Deposits totaled $255 million at December 31, 2005, compared with $248 million on December 31, 2004. Compared with September 30, 2005, total deposit growth was flat for the fourth quarter. Year-over-year, average checking account balances have increased approximately $2 million. Over those same time periods, money market accounts increased $5 million, as a result of a new product offering, while average traditional savings accounts declined $2 million. As the period represented a time of rising short-term interest rates, time deposits of less than $100 thousand grew an average $6 million from fourth quarter 2004 to fourth quarter 2005, while time deposits greater than $100 thousand remained virtually unchanged.

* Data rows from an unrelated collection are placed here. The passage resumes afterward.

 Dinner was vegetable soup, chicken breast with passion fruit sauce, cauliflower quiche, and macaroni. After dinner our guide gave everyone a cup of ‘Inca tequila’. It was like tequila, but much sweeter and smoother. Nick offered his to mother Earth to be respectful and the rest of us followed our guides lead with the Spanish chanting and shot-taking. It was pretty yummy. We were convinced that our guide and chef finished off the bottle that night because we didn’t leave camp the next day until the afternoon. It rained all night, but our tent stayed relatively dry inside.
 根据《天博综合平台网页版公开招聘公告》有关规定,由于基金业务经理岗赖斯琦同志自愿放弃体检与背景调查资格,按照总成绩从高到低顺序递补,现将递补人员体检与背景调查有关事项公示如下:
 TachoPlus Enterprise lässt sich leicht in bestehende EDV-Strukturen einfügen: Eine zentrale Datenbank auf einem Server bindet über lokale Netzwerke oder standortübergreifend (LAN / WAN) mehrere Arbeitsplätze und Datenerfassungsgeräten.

Shareholders’ equity was $35.2 million on December 31, 2005. The Company’s capital position remains strong, as tangible equity to assets was 10.96%, compared with 11.41% on December 31, 2004. The common dividend paid during the quarter was $0.14 per share, a $0.01 increase from the prior-year quarter. During the fourth quarter of 2005 the Company repurchased 66,439 common shares. Period-end common shares outstanding totaled 2.578 million.
About CSB Bancorp
CSB Bancorp is a diversified financial services holding company headquartered in Millersburg, Ohio, with approximate assets of $321 million as of December 31, 2005. CSB Bancorp provides a complete range of banking and other financial services to consumers and businesses through its wholly-owned subsidiary, The Commercial & Savings Bank, with nine banking centers in Holmes, Tuscarawas and Wayne counties.

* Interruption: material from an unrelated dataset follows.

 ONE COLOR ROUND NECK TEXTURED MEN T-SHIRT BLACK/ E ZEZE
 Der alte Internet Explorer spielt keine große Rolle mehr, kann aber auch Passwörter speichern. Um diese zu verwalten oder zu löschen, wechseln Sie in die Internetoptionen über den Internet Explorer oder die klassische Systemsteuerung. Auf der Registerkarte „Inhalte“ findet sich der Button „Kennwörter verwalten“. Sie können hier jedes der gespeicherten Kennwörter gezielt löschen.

This release contains forward-looking statements relating to present or future trends or factors affecting the banking industry, and specifically the financial condition and results of operations, including without limitation, statements relating to the earnings outlook of the Company, as well as its operations, markets and products. Actual results could differ materially from those indicated. Among the important factors that could cause results to differ materially are interest rate changes, softening in the economy, which could materially impact credit quality trends and the ability to generate loans, changes in the mix of the Company’s business, competitive pressures, changes in accounting, tax or regulatory practices or requirements and those risk factors detailed in the Company’s periodic reports and registration statements filed with the Securities and Exchange Commission. The Company undertakes no obligation to release revisions to these forward- looking statements or reflect events or circumstances after the date of this release.